● **Data section**
--------
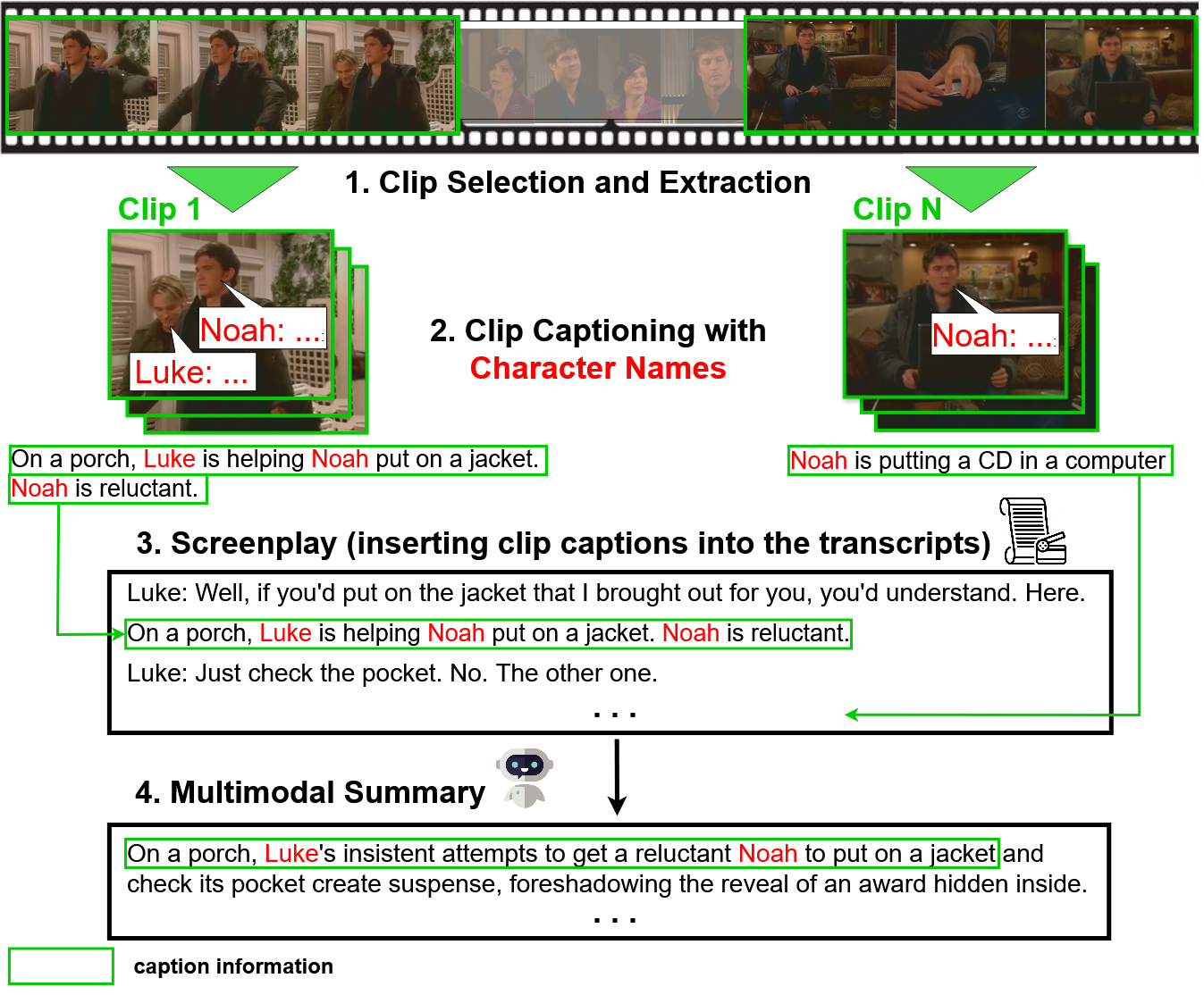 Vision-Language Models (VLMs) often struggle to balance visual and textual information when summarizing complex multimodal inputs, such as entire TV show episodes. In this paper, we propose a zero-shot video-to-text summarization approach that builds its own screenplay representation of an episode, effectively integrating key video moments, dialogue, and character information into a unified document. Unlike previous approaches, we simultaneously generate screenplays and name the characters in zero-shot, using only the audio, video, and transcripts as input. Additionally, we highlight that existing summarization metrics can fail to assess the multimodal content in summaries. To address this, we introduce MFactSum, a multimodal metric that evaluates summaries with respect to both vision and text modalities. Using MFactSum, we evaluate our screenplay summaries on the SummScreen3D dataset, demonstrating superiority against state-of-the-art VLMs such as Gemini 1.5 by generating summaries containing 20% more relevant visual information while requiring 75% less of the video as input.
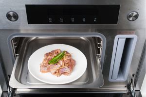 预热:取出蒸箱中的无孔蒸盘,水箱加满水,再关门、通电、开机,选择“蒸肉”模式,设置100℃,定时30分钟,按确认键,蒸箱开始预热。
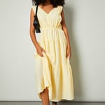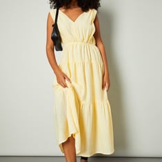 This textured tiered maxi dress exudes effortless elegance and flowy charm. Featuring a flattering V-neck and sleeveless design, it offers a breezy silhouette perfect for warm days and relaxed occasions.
--------
The material is to be written out word for word, and the pictures are to be left out.

 Vision-Language Models (VLMs) often struggle to balance visual and textual information when summarizing complex multimodal inputs, such as entire TV show episodes. In this paper, we propose a zero-shot video-to-text summarization approach that builds its own screenplay representation of an episode, effectively integrating key video moments, dialogue, and character information into a unified document. Unlike previous approaches, we simultaneously generate screenplays and name the characters in zero-shot, using only the audio, video, and transcripts as input. Additionally, we highlight that existing summarization metrics can fail to assess the multimodal content in summaries. To address this, we introduce MFactSum, a multimodal metric that evaluates summaries with respect to both vision and text modalities. Using MFactSum, we evaluate our screenplay summaries on the SummScreen3D dataset, demonstrating superiority against state-of-the-art VLMs such as Gemini 1.5 by generating summaries containing 20% more relevant visual information while requiring 75% less of the video as input.
 预热:取出蒸箱中的无孔蒸盘,水箱加满水,再关门、通电、开机,选择“蒸肉”模式,设置100℃,定时30分钟,按确认键,蒸箱开始预热。
 This textured tiered maxi dress exudes effortless elegance and flowy charm. Featuring a flattering V-neck and sleeveless design, it offers a breezy silhouette perfect for warm days and relaxed occasions.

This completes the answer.